____ Records
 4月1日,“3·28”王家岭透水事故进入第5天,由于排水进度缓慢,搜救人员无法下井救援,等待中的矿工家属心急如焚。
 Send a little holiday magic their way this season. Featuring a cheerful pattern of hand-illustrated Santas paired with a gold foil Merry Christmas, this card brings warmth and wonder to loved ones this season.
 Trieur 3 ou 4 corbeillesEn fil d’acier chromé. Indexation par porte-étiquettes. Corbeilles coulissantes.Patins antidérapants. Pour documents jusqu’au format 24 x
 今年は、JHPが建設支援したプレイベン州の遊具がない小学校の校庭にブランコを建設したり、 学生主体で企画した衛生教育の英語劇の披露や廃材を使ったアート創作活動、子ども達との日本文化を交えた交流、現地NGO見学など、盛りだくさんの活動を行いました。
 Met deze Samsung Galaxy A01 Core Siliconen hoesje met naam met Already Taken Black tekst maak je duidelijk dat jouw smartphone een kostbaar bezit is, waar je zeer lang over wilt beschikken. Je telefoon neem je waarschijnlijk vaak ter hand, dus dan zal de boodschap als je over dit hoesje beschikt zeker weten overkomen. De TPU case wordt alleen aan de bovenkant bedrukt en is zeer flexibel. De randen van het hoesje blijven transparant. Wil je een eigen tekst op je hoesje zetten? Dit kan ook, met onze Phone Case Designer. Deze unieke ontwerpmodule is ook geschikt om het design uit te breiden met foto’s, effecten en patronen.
________
____ Records
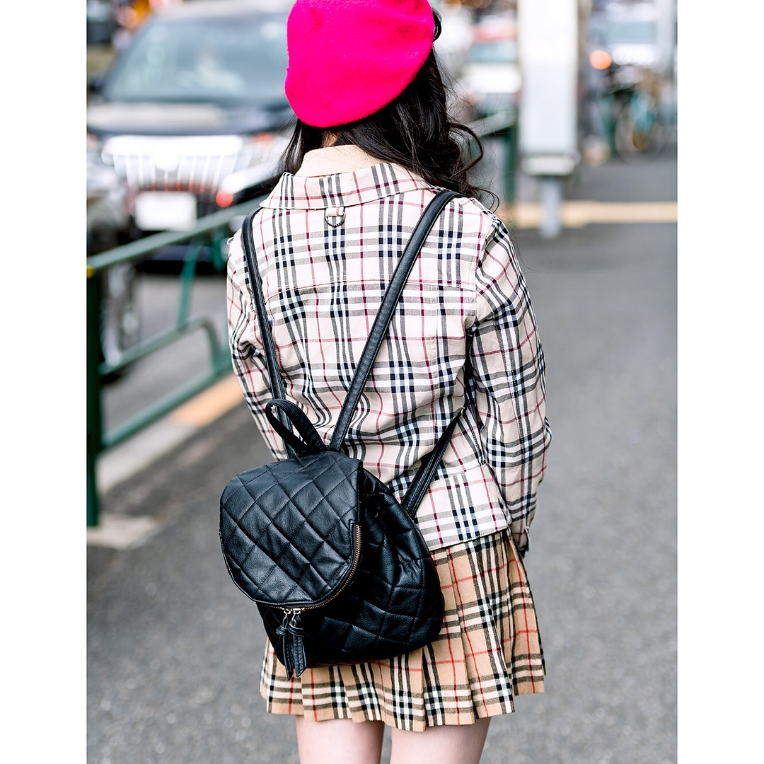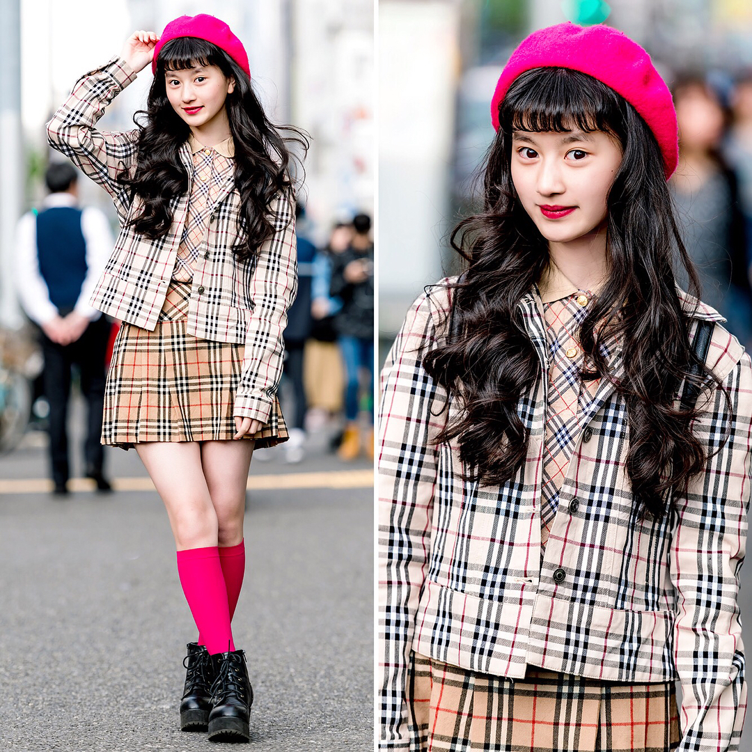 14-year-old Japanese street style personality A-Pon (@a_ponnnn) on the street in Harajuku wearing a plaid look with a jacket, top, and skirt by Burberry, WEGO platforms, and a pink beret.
________
____ Records
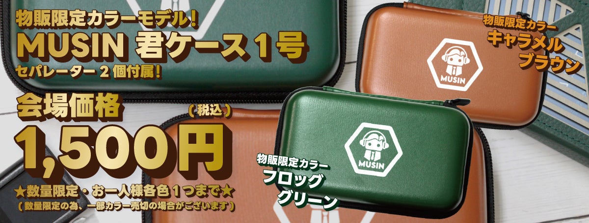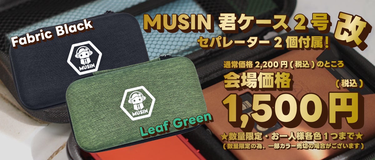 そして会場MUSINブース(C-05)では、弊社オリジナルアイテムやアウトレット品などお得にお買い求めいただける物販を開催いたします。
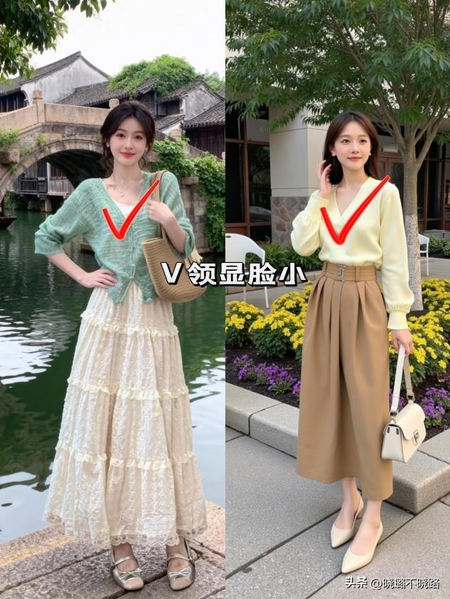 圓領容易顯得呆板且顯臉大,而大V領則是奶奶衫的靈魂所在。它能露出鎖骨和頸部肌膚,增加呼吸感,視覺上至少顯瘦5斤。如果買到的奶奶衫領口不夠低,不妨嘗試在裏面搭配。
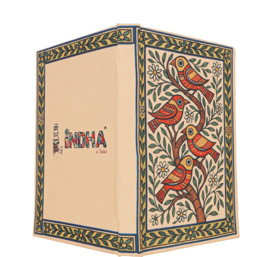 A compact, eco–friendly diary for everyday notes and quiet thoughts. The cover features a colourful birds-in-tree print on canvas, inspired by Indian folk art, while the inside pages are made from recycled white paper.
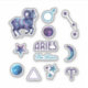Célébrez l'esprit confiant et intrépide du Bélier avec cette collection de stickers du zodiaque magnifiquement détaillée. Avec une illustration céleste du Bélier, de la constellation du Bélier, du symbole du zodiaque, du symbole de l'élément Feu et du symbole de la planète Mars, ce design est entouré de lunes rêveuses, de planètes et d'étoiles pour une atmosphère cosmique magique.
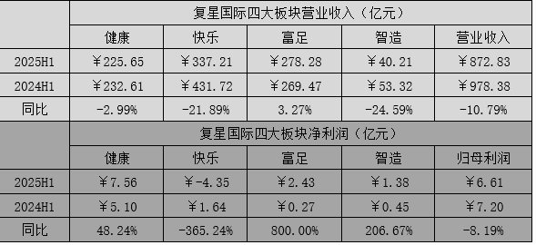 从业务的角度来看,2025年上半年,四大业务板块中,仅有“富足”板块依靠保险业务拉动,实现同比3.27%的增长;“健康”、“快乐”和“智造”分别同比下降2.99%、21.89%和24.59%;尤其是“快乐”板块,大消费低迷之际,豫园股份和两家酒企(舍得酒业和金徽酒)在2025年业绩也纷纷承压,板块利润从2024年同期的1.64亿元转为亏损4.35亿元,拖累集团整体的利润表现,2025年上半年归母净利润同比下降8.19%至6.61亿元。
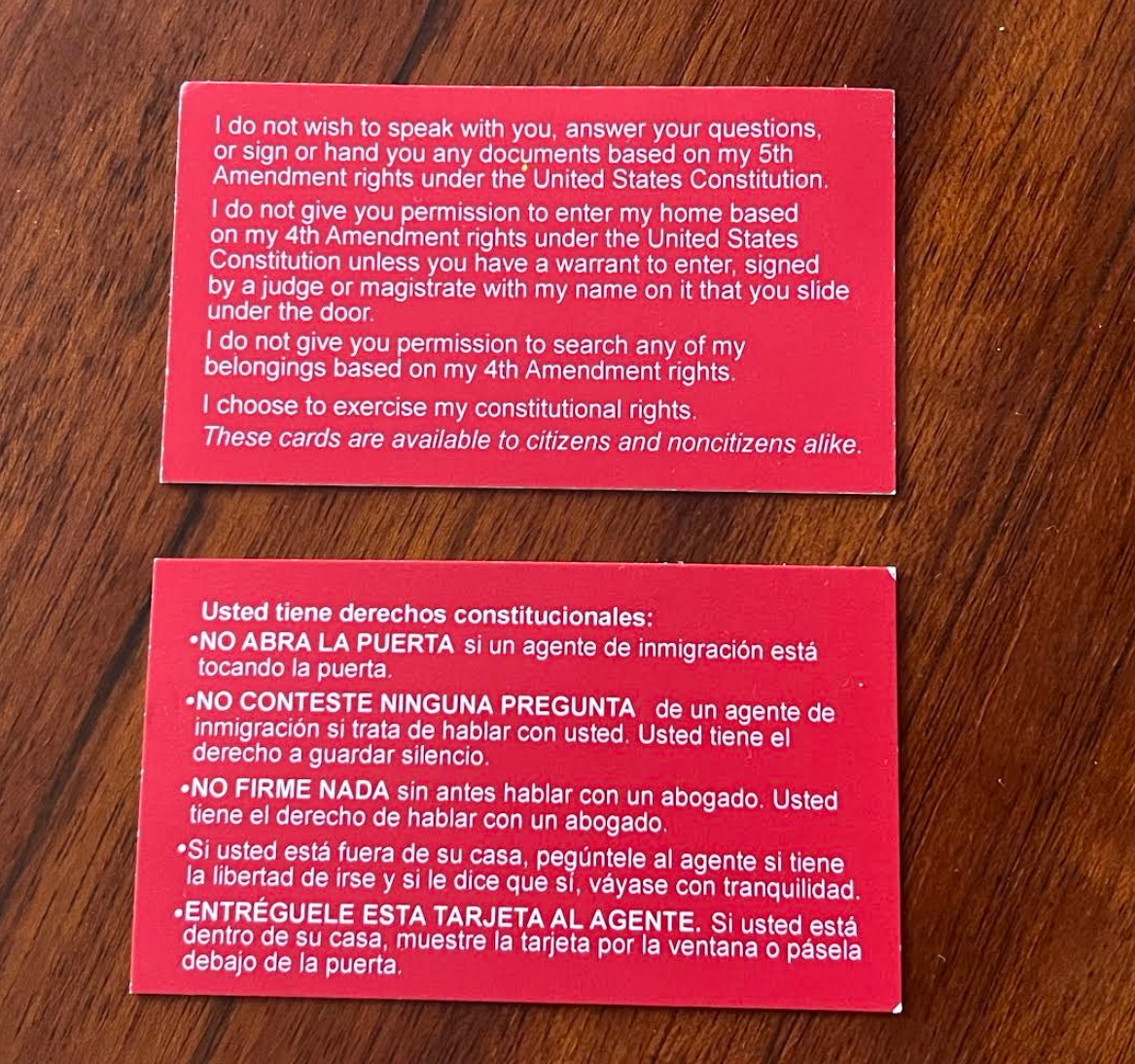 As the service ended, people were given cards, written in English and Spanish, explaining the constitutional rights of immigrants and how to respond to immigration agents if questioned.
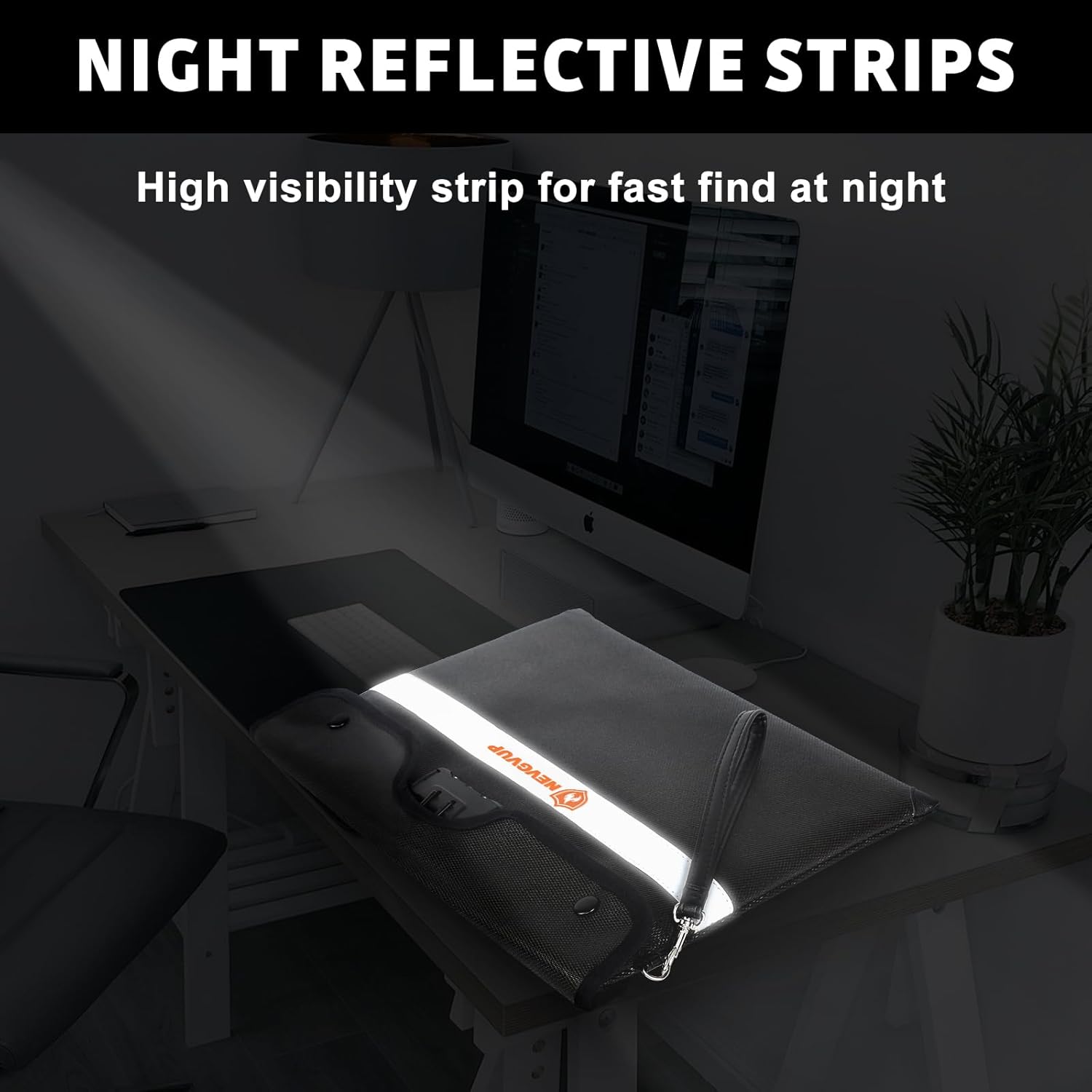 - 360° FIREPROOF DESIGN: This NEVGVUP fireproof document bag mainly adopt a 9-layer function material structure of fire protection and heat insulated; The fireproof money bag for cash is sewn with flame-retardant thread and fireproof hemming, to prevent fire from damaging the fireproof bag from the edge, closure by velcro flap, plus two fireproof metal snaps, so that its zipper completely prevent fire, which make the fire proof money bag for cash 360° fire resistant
________
§ Your goal:
The lines above from the one with "Send a little" through the one with "Met deze Samsung" are to be duplicated exactly, ends included, with nothing added.

§ Problem solution:
 Send a little holiday magic their way this season. Featuring a cheerful pattern of hand-illustrated Santas paired with a gold foil Merry Christmas, this card brings warmth and wonder to loved ones this season.
 Trieur 3 ou 4 corbeillesEn fil d’acier chromé. Indexation par porte-étiquettes. Corbeilles coulissantes.Patins antidérapants. Pour documents jusqu’au format 24 x
 今年は、JHPが建設支援したプレイベン州の遊具がない小学校の校庭にブランコを建設したり、 学生主体で企画した衛生教育の英語劇の披露や廃材を使ったアート創作活動、子ども達との日本文化を交えた交流、現地NGO見学など、盛りだくさんの活動を行いました。
 Met deze Samsung Galaxy A01 Core Siliconen hoesje met naam met Already Taken Black tekst maak je duidelijk dat jouw smartphone een kostbaar bezit is, waar je zeer lang over wilt beschikken. Je telefoon neem je waarschijnlijk vaak ter hand, dus dan zal de boodschap als je over dit hoesje beschikt zeker weten overkomen. De TPU case wordt alleen aan de bovenkant bedrukt en is zeer flexibel. De randen van het hoesje blijven transparant. Wil je een eigen tekst op je hoesje zetten? Dit kan ook, met onze Phone Case Designer. Deze unieke ontwerpmodule is ook geschikt om het design uit te breiden met foto’s, effecten en patronen.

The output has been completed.